1Karlsruhe Institute of Technology, Institute for Micro Process Engineering
Hermann-von-Helmholtz-Platz 1, 76344 Eggenstein-Leopoldshafen, Germany
sahba.sadir@kit.edu; manfred.kraut@kit.edu
2Technische Universität Braunschweig, Institute for Chemical and Thermal Process Engineering
Langer Kamp 7, 38106 Braunschweig, Germany
christoph.spiegel@tu-braunschweig.de; w.augustin@tu-braunschweig.de; s.scholl@tu-braunschweig.de

Abstract - Microstructured heat exchangers typically comprise a number of parallel microchannels with inlet and outlet headers. The uniformity of flow rates among the parallel microchannels is governed by the field of fluid pressure in the system.

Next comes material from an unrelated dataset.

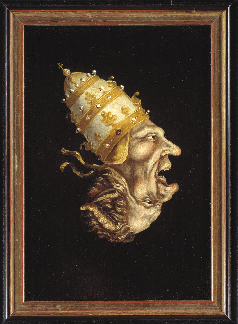 De kop van een paus verandert in een duivelskop wanneer het paneel honderdtachtig graden wordt gedraaid.
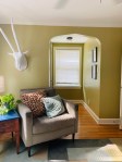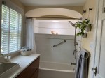 We expanded the footprint of the room into existing closets, and creating a plant shelf above the stairs. The result is a much larger, luxurious room that feel light and airy, and spa-like, while still feeling in place in the vintage cottage. The modern marble hex floor tile is an over-the-top focal point. And along with the original archway above the shower, allows the room to feel classic yet modern.

This contribution presents, three dimensional (3D) CFD simulations performed using OpenFOAM (Open-Source Field Operation and Manipulation) by employing simpleFOAM solver to investigate flow distribution in an array of four parallel microchannels with a hydraulic diameter of 500 µm each. The working fluid is water and an incompressible, single-phase flow is assumed. The mal-distribution is induced by complete or partial blockage of single microchannels in different scenarios. Both number of blocked microchannels and position of the blockage inside the channel array are altered.

The results show the effects of induced blockage on the fluid flow distribution in the parallel microchannels. The standard deviation of flow distribution not only depends on the total number of the blocked microchannels but also on their position inside the flow array. For validating CFD results, pressure drop and flow distribution are also investigated through various experiments. Therefore, pressure drop measurements for different scenarios are conducted. A good agreement between simulation and ex-periment is observed. Simulation studies reveal that the free cross-section is not the governing criterion for both flow distri¬bution and heat exchange. Fouling on the hot surface more strongly influences the outlet temperature than completely blocked channels.

The contribution shows that even with a relatively simple model, interesting effects in microstructured heat exchangers can be found, allowing for a deeper understanding of the specific properties of micro structures.

Keywords: Blockage Scenarios, CFD Simulation, Fouling, Flow Maldistribution, Microstructured Heat Exchanger

© Copyright 2021 Authors - This is an Open Access article published under the Creative Commons Attribution License terms Creative Commons Attribution License terms. Unrestricted use, distribution, and reproduction in any medium are permitted, provided the original work is properly cited.

Date Received: 2021-01-15
Date Accepted: 2021-01-18
Date Published: 2021-04-16

1. Introduction

Microstructured heat exchangers provide high heat exchange capability due to their great surface area to volume ratio. They typically comprise a number of parallel flow channels with appropriate inlet and outlet headers for flow distribution. Differences in both flow channel geometry and header configuration have a great effect on the fluid flow and heat transfer characteristics of micro channel systems [1]. The microstructure properties of the channels introduce a couple of potential problems directly connected to the reduced hydraulic diameter of the resulting flow paths. Problems such as fouling issues, blockage phenomena and consequently flow maldistribution within the heat exchanger greatly influence the thermal and hydraulic performance of the apparatus [2]. Overcoming the negative aspects of fouling in flow systems is one of the biggest challenges for this technology [3]. Since fouling will change the original geometry of the flow path during operation, it is not sufficient to optimize the flow distributors for clean cases, as has been done before [4 - 6]. Therefore, the investigation of possible flow maldistribution due to partial or complete blockage of single flow paths is mandatory to understand and predict the fluid dynamic and thermal behavior of microstructured heat exchangers [7].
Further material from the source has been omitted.